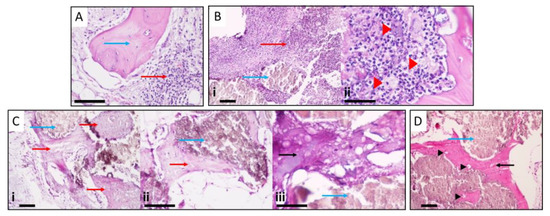 (A) Presence of mononuclear inflammatory infiltrate compatible with chronic osteomyelitis and some foci of the polymorphonuclear cell infiltrate (red arrow), close to or surrounding bone tissue (blue arrow), suggesting acute infection. (B) The predominance of polymorphonuclear and suppuration (red arrow) around biomaterial (blue arrow). Giant cells are also visible (red arrowheads), suggesting a foreign body reaction. (C) V-HEPHAPC (blue arrows) is surrounded by a chondroid matrix (red arrow) and bone, with osteocyte visualization. At higher magnification, very little inflammatory infiltrate and ossification can be clearly seen. In the X200 and X400 images, the biomaterial (blue arrow) is surrounded by chondroid (red arrow) and bone matrix (black arrow) with an area of still-immature bone formation. (D) At the periphery of the material (blue arrow), the appearance of bone tissue (black arrow) with numerous osteocytes (black arrowheads) is clearly visible, with zones of calcification and bone maturation. Scale bars = 500 μm (Ci); 100 μm (A,Bi,Cii,Ciii,D)); and 50 μm (Bii).
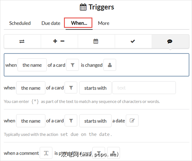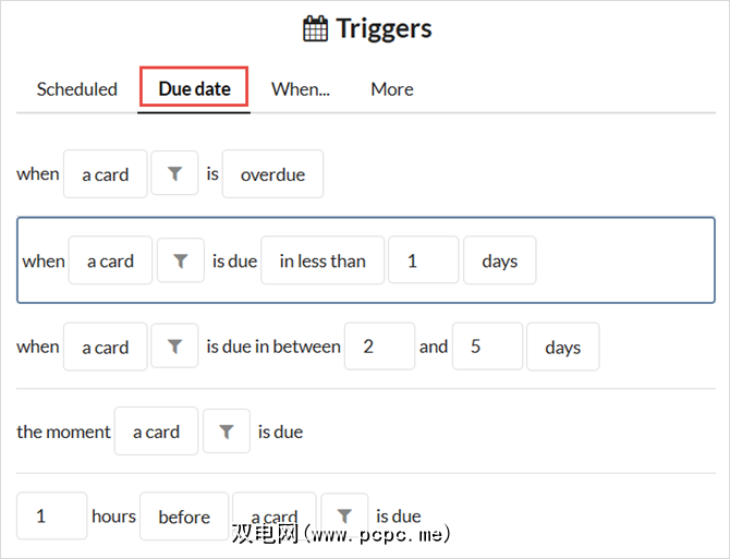 “到期日"触发器集基于实际您的卡的到期日和选择的范围很广。这些包括打开或存档卡的时间,过期或即将到期的时间。除了可以灵活选择卡片到期日附近的触发器之外,您还可以根据需要具体确定应使用哪些卡片。
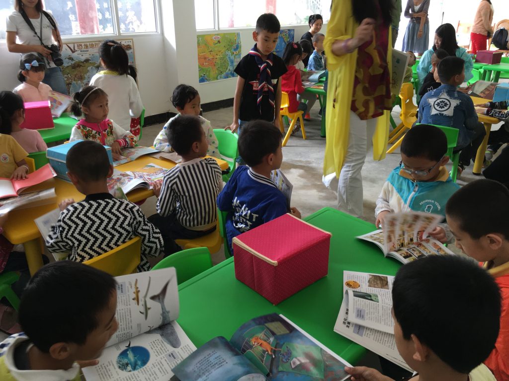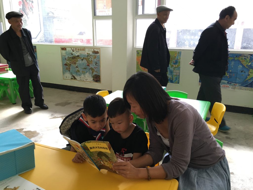 门一开,孩子们和老人们蜂拥而至,大家都找寻了一个位置坐下来看书,有的看到新奇的还要向小伙伴们分享。志工们也参与了读书大会中,带着一些不大识字的老人和小孩阅读。
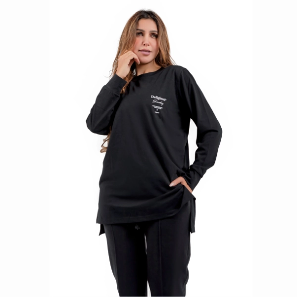 • التصميم: تيشيرت بكم طويل مع طباعة أنيقة
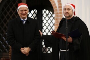 Mikołajki w kościele św. Trójcy w Gdańsku połączone z happeningiem "Popiszczmy Razem!" oraz uroczystym oddaniem do użytku zrekonstruowanej szafy organowej. Nz. od lewej: Prezes GIWK Sp. z o.o. Jacek Skarbek, Gwardian Klasztoru Franciszkanów o. Tomasz Jank
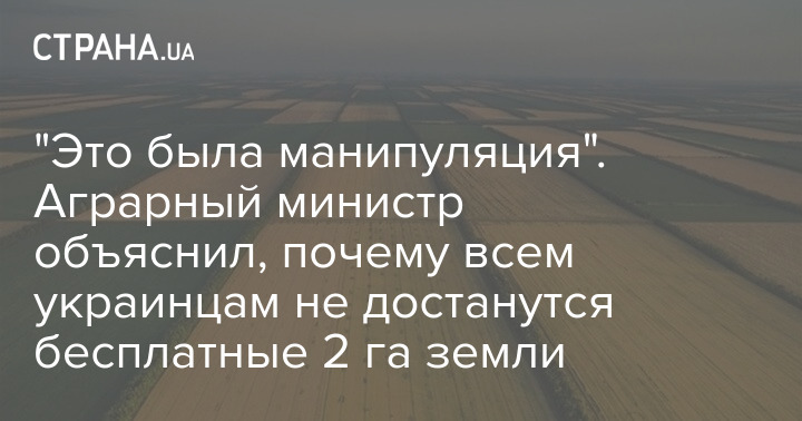Министр аграрной политики Роман Лещенко считает, что норма украинского законодательства, согласно которому каждый гражданин имеет право на два гектара земли, является "манипуляцией" и потому рассчитывать на получение бесплатной земли украинцам не стоит.

> **WORK INSTRUCTION**:
Say again, word for word, the lines beginning at the top of the data and ending with the line that has "مع طباعة أنيقة". Skip the pictures.

> **ANSWER BOX**:
 (A) Presence of mononuclear inflammatory infiltrate compatible with chronic osteomyelitis and some foci of the polymorphonuclear cell infiltrate (red arrow), close to or surrounding bone tissue (blue arrow), suggesting acute infection. (B) The predominance of polymorphonuclear and suppuration (red arrow) around biomaterial (blue arrow). Giant cells are also visible (red arrowheads), suggesting a foreign body reaction. (C) V-HEPHAPC (blue arrows) is surrounded by a chondroid matrix (red arrow) and bone, with osteocyte visualization. At higher magnification, very little inflammatory infiltrate and ossification can be clearly seen. In the X200 and X400 images, the biomaterial (blue arrow) is surrounded by chondroid (red arrow) and bone matrix (black arrow) with an area of still-immature bone formation. (D) At the periphery of the material (blue arrow), the appearance of bone tissue (black arrow) with numerous osteocytes (black arrowheads) is clearly visible, with zones of calcification and bone maturation. Scale bars = 500 μm (Ci); 100 μm (A,Bi,Cii,Ciii,D)); and 50 μm (Bii).
 “到期日"触发器集基于实际您的卡的到期日和选择的范围很广。这些包括打开或存档卡的时间,过期或即将到期的时间。除了可以灵活选择卡片到期日附近的触发器之外,您还可以根据需要具体确定应使用哪些卡片。
 门一开,孩子们和老人们蜂拥而至,大家都找寻了一个位置坐下来看书,有的看到新奇的还要向小伙伴们分享。志工们也参与了读书大会中,带着一些不大识字的老人和小孩阅读。
 • التصميم: تيشيرت بكم طويل مع طباعة أنيقة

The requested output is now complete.